About this task -> Please return the lines below verbatim, beginning at the one that has "We’ve already had" and stopping after the one that has "ด้านล่างนี้เป็นแบบประเมินเก้าค่าพลังช่างเชื่อม แตะหรือคลิก 0-3", and add no other lines.

Source data ->
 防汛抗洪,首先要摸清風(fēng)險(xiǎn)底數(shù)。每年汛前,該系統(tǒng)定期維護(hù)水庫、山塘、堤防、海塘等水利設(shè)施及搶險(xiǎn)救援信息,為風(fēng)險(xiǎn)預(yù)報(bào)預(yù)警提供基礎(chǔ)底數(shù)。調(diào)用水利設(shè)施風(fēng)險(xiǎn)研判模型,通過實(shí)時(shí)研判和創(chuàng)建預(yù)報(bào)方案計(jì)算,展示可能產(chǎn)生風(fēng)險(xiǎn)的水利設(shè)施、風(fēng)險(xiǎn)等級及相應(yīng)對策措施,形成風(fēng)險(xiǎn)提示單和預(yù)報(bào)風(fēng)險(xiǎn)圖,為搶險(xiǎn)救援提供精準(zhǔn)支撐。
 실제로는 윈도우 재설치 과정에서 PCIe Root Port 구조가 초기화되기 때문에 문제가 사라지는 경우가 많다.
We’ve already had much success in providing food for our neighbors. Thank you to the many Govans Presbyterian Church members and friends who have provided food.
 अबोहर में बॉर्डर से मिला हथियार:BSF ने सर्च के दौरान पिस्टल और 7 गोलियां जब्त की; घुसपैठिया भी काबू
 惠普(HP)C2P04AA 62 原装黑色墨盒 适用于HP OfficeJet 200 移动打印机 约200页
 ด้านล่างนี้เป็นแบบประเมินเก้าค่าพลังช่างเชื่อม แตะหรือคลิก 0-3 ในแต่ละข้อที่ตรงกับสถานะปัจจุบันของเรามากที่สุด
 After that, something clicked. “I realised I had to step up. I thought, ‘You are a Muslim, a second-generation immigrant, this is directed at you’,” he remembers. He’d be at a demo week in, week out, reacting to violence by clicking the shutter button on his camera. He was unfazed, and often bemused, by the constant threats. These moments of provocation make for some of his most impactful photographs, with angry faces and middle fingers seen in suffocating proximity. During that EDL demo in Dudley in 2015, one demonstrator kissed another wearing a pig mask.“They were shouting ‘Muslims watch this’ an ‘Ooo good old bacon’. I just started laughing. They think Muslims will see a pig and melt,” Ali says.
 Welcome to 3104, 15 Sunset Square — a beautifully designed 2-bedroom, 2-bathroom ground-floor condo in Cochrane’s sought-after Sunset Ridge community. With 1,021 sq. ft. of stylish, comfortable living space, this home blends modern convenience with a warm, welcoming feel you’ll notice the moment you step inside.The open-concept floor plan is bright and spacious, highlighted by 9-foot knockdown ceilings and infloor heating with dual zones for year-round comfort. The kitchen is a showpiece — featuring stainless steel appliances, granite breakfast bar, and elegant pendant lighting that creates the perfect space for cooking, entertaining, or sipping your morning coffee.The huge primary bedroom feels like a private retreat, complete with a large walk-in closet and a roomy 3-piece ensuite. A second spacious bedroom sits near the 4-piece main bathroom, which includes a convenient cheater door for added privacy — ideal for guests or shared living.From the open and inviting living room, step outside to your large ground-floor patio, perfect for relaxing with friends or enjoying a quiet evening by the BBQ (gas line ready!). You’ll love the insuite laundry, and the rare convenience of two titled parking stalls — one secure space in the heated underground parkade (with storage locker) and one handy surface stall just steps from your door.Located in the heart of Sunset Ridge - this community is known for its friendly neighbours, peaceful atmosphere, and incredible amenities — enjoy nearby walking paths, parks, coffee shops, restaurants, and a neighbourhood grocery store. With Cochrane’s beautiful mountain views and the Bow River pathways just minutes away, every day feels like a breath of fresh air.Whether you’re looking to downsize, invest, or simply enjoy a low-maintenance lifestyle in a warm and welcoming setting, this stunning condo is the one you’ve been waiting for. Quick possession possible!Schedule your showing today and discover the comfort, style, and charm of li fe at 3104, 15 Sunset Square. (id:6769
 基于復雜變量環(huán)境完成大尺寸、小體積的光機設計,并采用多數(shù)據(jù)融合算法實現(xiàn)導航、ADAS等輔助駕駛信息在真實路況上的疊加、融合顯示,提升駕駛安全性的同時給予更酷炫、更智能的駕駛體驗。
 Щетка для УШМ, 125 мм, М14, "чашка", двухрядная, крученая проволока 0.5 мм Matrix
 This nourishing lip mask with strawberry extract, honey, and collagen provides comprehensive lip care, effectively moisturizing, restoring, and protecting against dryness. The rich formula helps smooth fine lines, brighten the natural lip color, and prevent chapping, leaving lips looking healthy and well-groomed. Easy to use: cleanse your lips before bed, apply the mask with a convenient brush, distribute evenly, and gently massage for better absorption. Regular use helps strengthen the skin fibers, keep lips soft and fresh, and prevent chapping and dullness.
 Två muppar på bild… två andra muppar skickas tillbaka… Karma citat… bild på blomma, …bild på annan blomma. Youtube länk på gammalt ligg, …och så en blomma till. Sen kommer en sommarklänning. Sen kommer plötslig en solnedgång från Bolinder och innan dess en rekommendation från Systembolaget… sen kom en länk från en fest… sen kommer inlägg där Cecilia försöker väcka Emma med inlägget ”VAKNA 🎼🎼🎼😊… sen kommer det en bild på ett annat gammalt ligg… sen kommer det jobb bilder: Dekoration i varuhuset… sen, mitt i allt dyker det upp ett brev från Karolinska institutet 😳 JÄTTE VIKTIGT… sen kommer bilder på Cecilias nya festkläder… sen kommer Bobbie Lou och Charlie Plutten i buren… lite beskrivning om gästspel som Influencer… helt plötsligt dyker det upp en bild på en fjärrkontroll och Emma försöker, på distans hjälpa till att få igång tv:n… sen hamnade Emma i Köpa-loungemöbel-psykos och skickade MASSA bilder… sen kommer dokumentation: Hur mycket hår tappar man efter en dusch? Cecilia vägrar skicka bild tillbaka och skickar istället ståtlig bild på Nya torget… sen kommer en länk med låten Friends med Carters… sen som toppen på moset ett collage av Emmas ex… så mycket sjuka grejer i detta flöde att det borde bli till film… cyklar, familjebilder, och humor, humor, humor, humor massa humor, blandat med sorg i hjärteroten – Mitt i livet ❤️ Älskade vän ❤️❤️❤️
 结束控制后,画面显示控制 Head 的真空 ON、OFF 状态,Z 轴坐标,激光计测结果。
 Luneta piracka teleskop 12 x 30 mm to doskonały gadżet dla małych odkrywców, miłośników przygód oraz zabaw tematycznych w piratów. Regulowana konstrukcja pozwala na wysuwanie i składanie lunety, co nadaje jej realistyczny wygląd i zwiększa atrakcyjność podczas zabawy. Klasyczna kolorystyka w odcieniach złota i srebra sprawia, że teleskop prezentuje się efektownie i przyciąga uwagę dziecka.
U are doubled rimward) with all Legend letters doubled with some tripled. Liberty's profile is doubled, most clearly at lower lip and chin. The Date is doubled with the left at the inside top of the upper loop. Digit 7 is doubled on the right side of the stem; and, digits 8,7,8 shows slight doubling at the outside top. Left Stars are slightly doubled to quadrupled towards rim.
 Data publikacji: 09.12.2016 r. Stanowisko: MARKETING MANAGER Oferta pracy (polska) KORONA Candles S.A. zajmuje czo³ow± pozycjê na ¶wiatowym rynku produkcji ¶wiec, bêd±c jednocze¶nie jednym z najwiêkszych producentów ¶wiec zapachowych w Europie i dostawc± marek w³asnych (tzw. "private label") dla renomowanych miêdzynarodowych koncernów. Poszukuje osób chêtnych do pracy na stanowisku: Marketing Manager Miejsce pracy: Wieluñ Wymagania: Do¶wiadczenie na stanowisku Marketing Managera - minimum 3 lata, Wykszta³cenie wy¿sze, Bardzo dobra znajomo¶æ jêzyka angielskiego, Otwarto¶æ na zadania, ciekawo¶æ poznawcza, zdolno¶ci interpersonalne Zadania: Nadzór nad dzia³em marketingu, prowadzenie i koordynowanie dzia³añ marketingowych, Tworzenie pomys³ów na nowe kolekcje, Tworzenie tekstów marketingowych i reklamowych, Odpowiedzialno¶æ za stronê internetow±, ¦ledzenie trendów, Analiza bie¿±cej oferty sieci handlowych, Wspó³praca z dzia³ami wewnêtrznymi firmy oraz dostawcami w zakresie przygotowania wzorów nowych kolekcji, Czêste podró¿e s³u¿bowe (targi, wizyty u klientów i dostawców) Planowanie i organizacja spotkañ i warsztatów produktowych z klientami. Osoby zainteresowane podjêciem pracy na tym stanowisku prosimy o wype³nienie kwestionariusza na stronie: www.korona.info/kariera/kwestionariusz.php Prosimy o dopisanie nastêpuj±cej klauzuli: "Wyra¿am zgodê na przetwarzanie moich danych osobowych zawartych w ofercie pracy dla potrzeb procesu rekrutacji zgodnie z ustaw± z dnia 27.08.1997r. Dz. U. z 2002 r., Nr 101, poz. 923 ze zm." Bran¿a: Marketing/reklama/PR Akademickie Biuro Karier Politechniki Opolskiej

Task result ->
We’ve already had much success in providing food for our neighbors. Thank you to the many Govans Presbyterian Church members and friends who have provided food.
 अबोहर में बॉर्डर से मिला हथियार:BSF ने सर्च के दौरान पिस्टल और 7 गोलियां जब्त की; घुसपैठिया भी काबू
 惠普(HP)C2P04AA 62 原装黑色墨盒 适用于HP OfficeJet 200 移动打印机 约200页
 ด้านล่างนี้เป็นแบบประเมินเก้าค่าพลังช่างเชื่อม แตะหรือคลิก 0-3 ในแต่ละข้อที่ตรงกับสถานะปัจจุบันของเรามากที่สุด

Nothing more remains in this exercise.